Quando voltou a enfrentar o tribunal na semana passada – pela 12ª vez por violar uma ordem de prevenção de danos sexuais – descobriu-se que Brown tinha mesmo mudado o seu nome a meio da acusação, explorando uma lacuna na lei que permite aos criminosos sexuais assumirem uma nova personalidade, desde que notifiquem a polícia.
A mulher de 50 anos conseguiu se reinventar após cada condenação, escondendo até mesmo seu passado horrível enquanto era investigada por estupro e agressão sexual.
Só quando uma amiga descobriu seus vários pseudônimos é que Julie descobriu que seu namorado estava sendo julgado por estupro sob um nome do qual ela nunca tinha ouvido falar em um tribunal a 160 quilômetros da casa que moravam.
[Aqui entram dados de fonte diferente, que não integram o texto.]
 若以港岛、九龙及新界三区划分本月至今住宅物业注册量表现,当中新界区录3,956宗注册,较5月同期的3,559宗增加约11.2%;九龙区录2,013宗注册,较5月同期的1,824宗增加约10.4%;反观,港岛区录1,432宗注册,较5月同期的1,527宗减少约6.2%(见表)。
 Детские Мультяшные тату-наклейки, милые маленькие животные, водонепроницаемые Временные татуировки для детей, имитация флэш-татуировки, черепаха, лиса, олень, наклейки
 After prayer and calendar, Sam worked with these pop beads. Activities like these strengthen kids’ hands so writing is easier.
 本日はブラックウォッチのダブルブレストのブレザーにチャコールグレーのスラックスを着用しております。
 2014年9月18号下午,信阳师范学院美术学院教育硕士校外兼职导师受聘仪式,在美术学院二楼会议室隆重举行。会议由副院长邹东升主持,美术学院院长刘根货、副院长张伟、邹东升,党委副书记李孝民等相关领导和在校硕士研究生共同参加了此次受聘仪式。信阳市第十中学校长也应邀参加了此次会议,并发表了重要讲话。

Agora, a mulher de 54 anos conta corajosamente a sua história para mudar a lei. Ela está determinada a alertar outras pessoas sobre o ‘monstro’ que enganou tantas mulheres.
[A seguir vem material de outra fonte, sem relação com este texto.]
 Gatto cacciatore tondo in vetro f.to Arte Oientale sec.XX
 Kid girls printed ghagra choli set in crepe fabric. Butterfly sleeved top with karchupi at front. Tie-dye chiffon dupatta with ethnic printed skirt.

Julie Purvin, 54 anos, está corajosamente tentando mudar a lei contando a história de como foi enganada por um criminoso sexual condenado.
Acredita-se que Jason Brown tenha mudado de nome mais de 20 vezes enquanto viajava pela Grã-Bretanha com condenações sexuais.
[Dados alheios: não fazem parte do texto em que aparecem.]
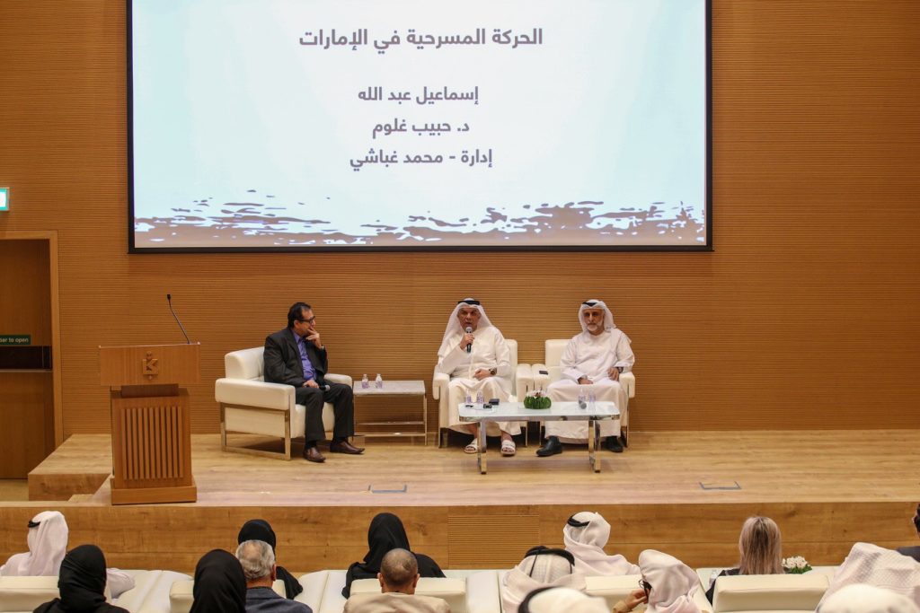 جاء ذلك خلال ندوة حوارية تحت عنوان “الحركة المسرحية في الإمارات” استضافت كلّاً من إسماعيل عبدالله، رئيس الهيئة العربية للمسرح، والممثل الدكتور حبيب غلوم، اللذين ناقشا المراحل التاريخية التي أوصلت المسرح الإماراتي لما هو عليه اليوم، وتحدثوا عن الرموز والأسماء التي نهضت وساهمت في الارتقاء به وتركت بصمة على خشبته، إلى جانب مناقشة أسباب الضعف والمعوقات التي مرّ بها ووضع الحلول الناجحة للنهوض بواقع المسرح مستقبلاً.

Um encontro casual em um bar em Stratford-upon-Avon, em fevereiro de 2025, seguiu-se a um relacionamento que mudaria sua vida.
Ao parabenizá-la, Brown disse a ela que é pai de três filhos, trabalhou como bombeiro, paisagista, instrutor de caratê e atualmente exerce função de vendas em uma construtora.
Uma semana depois, ele apareceu no salão de beleza de Julie no Dia dos Namorados com flores.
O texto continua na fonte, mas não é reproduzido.